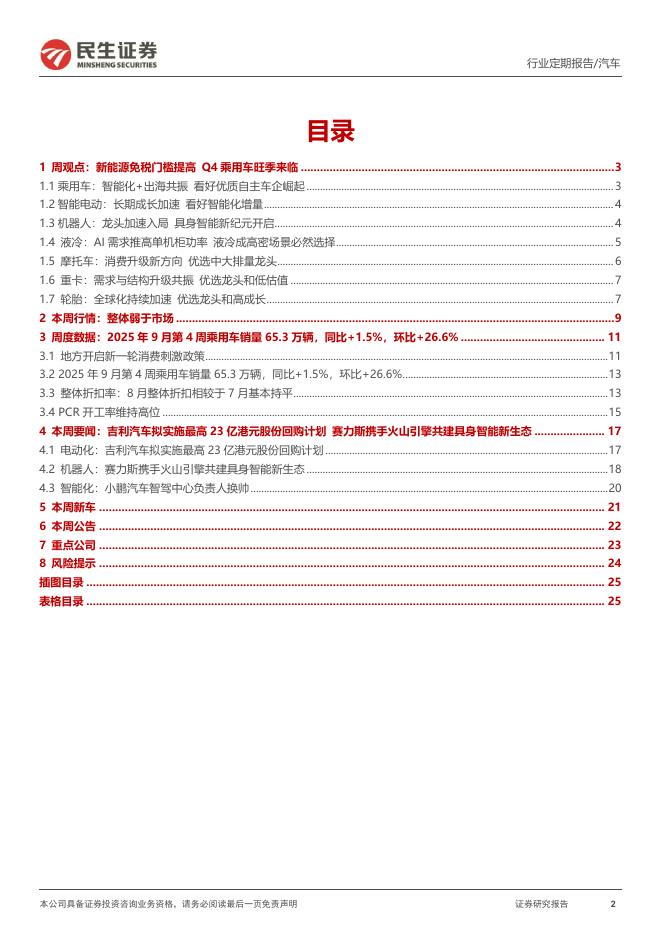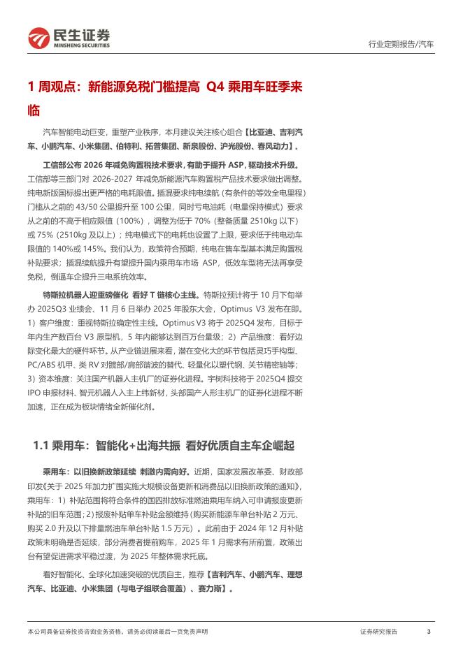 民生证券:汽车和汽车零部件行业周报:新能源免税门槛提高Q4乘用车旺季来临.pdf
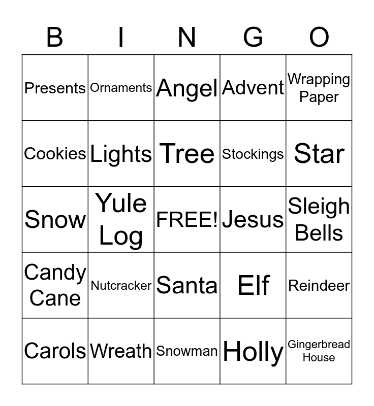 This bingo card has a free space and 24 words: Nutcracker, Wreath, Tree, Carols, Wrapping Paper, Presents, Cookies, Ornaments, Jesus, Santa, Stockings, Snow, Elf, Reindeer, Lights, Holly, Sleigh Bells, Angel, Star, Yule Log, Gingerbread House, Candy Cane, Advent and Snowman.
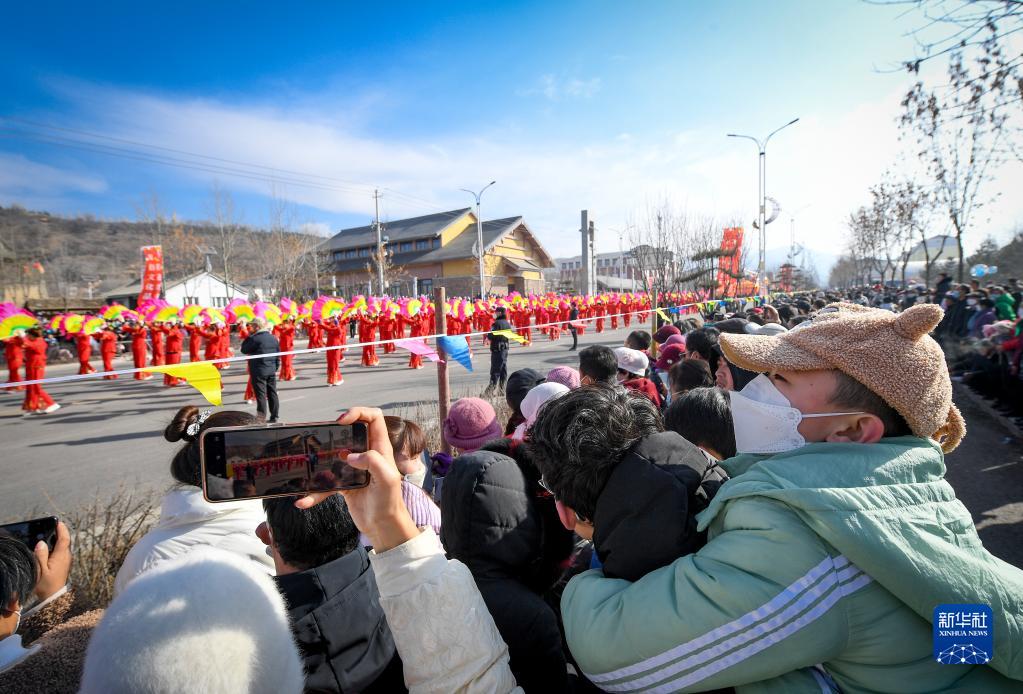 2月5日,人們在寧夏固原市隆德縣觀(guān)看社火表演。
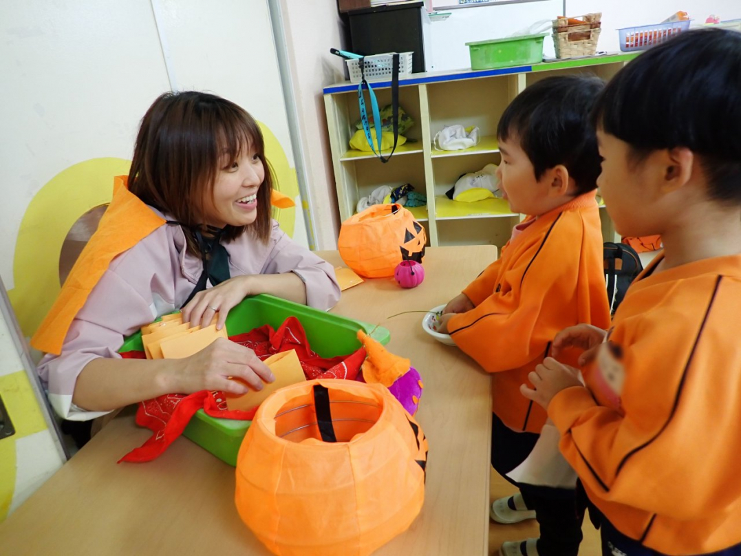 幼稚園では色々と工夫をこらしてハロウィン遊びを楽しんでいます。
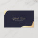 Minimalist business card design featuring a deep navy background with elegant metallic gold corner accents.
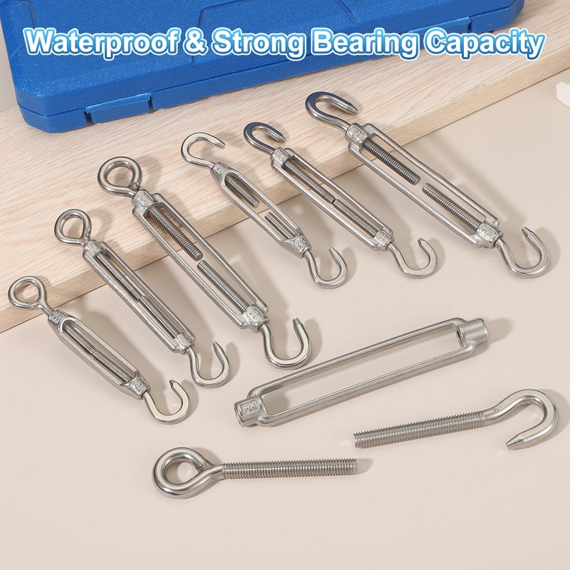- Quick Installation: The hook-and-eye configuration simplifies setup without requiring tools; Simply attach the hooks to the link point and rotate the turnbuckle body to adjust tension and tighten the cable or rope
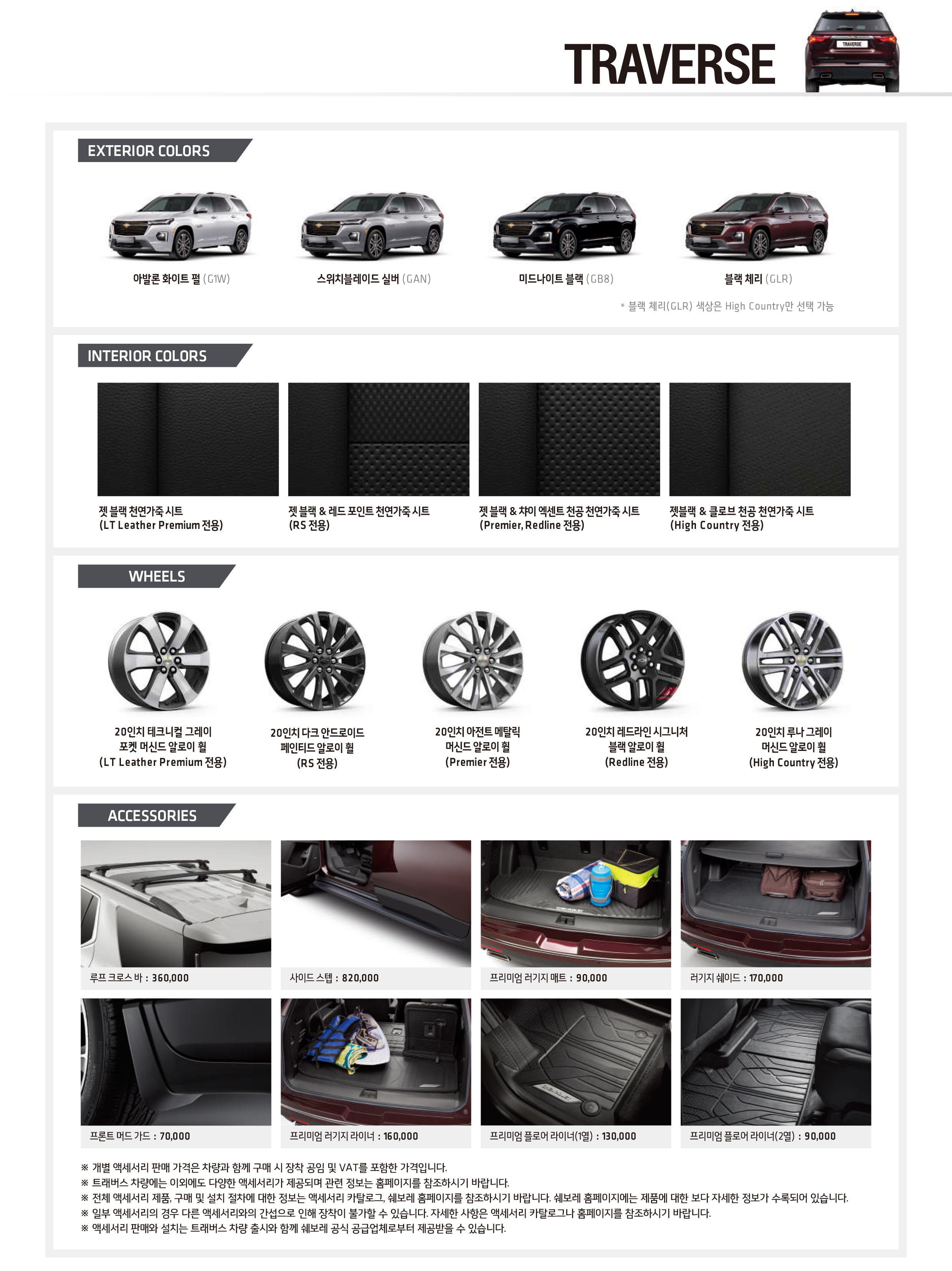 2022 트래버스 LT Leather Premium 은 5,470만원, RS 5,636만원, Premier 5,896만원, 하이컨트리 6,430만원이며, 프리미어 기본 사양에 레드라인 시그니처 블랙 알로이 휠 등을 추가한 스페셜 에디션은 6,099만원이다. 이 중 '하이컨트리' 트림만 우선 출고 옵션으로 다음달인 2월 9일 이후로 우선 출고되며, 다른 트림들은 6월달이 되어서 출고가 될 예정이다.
==
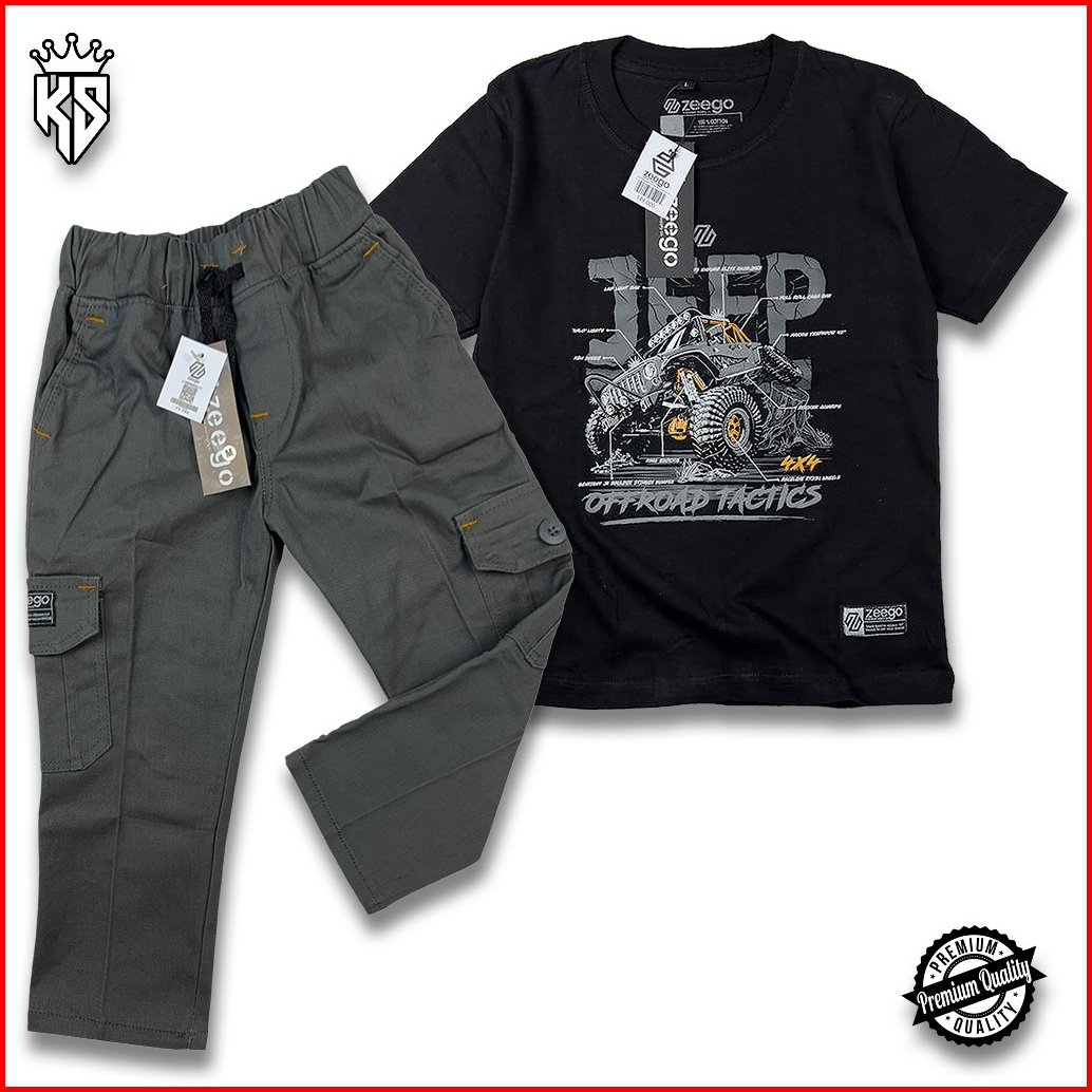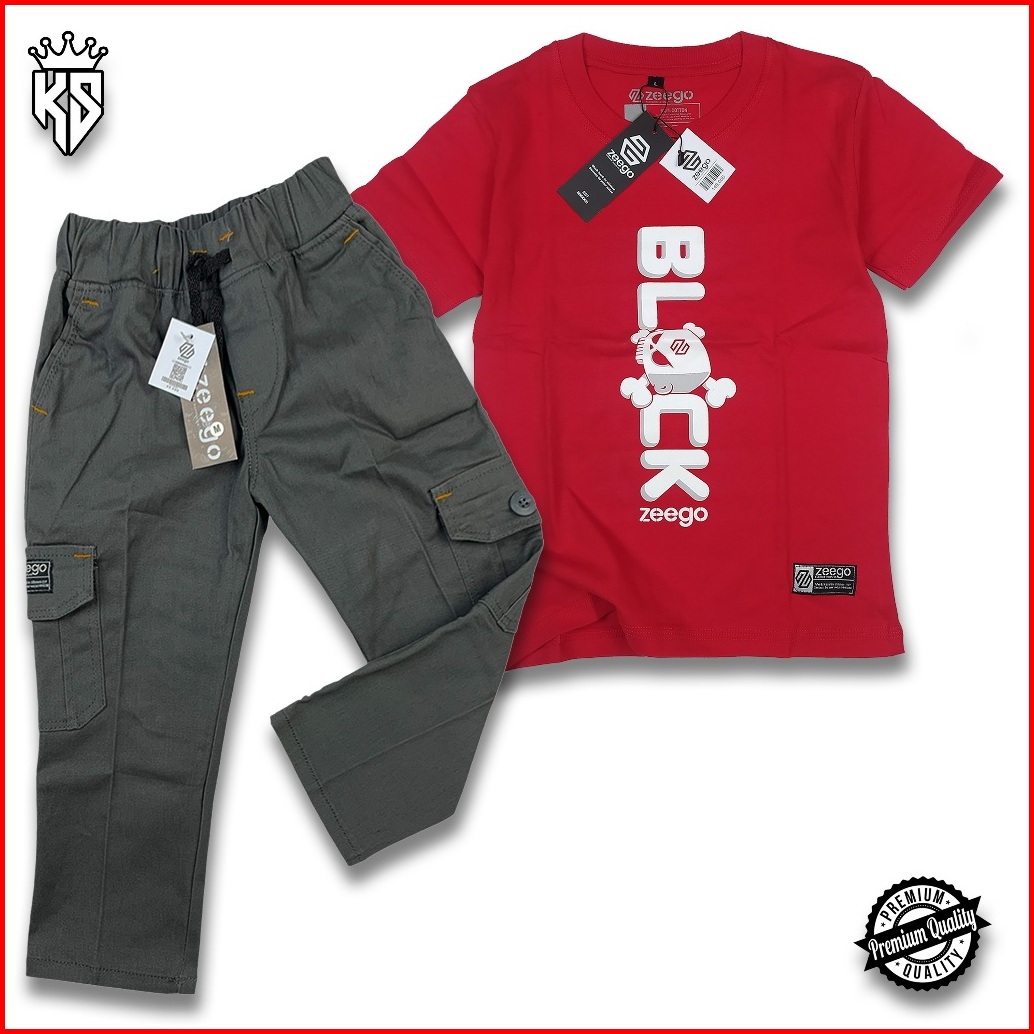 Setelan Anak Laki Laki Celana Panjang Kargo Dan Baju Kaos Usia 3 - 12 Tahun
==
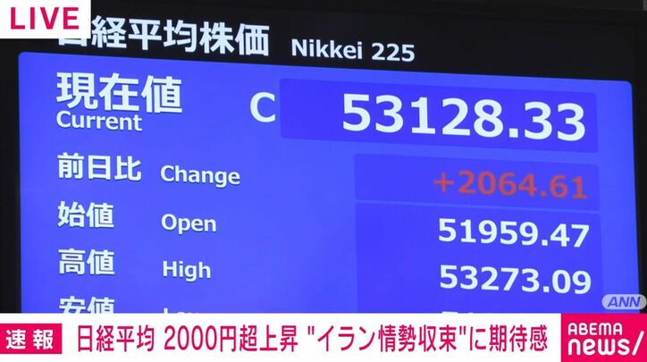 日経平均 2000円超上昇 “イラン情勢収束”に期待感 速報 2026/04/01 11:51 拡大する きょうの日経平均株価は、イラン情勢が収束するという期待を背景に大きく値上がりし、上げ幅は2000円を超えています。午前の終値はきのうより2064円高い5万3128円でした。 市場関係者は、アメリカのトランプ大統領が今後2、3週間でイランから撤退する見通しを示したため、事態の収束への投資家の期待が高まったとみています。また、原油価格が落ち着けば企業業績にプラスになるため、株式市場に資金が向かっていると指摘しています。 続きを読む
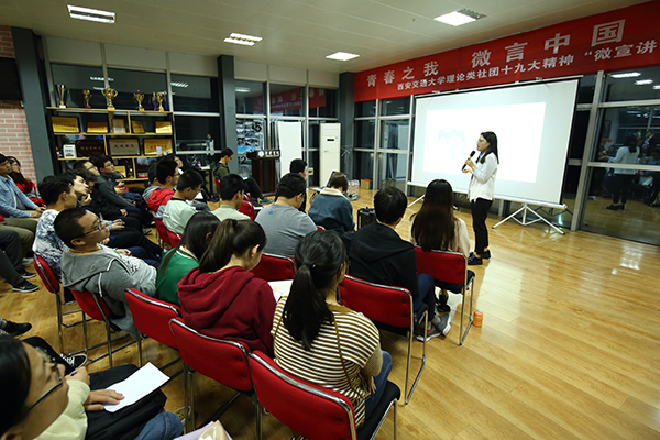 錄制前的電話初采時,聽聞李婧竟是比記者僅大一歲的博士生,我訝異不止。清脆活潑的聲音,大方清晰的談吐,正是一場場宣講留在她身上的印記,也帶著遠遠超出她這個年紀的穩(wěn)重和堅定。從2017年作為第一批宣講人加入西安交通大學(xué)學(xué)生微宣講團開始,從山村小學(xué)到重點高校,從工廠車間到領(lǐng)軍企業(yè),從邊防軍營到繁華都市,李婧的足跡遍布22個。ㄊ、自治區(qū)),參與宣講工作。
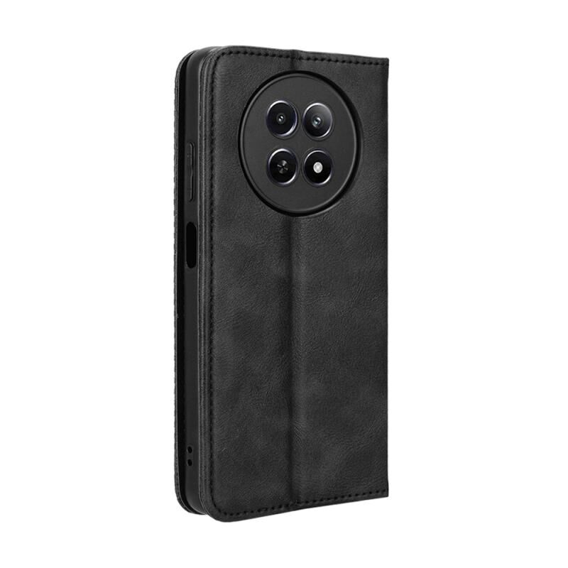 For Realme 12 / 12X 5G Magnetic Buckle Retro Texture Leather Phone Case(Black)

→ TASK OBJECTIVE
A clean copy is needed of the lines above from the one with "民生证券:汽车和汽车零部件行" up to and including the one with "2022 트래버스 LT". Please set it down exactly, with no pictures.

→ ANSWER FOR THIS EXERCISE
 民生证券:汽车和汽车零部件行业周报:新能源免税门槛提高Q4乘用车旺季来临.pdf
 This bingo card has a free space and 24 words: Nutcracker, Wreath, Tree, Carols, Wrapping Paper, Presents, Cookies, Ornaments, Jesus, Santa, Stockings, Snow, Elf, Reindeer, Lights, Holly, Sleigh Bells, Angel, Star, Yule Log, Gingerbread House, Candy Cane, Advent and Snowman.
 2月5日,人們在寧夏固原市隆德縣觀(guān)看社火表演。
 幼稚園では色々と工夫をこらしてハロウィン遊びを楽しんでいます。
 Minimalist business card design featuring a deep navy background with elegant metallic gold corner accents.
- Quick Installation: The hook-and-eye configuration simplifies setup without requiring tools; Simply attach the hooks to the link point and rotate the turnbuckle body to adjust tension and tighten the cable or rope
 2022 트래버스 LT Leather Premium 은 5,470만원, RS 5,636만원, Premier 5,896만원, 하이컨트리 6,430만원이며, 프리미어 기본 사양에 레드라인 시그니처 블랙 알로이 휠 등을 추가한 스페셜 에디션은 6,099만원이다. 이 중 '하이컨트리' 트림만 우선 출고 옵션으로 다음달인 2월 9일 이후로 우선 출고되며, 다른 트림들은 6월달이 되어서 출고가 될 예정이다.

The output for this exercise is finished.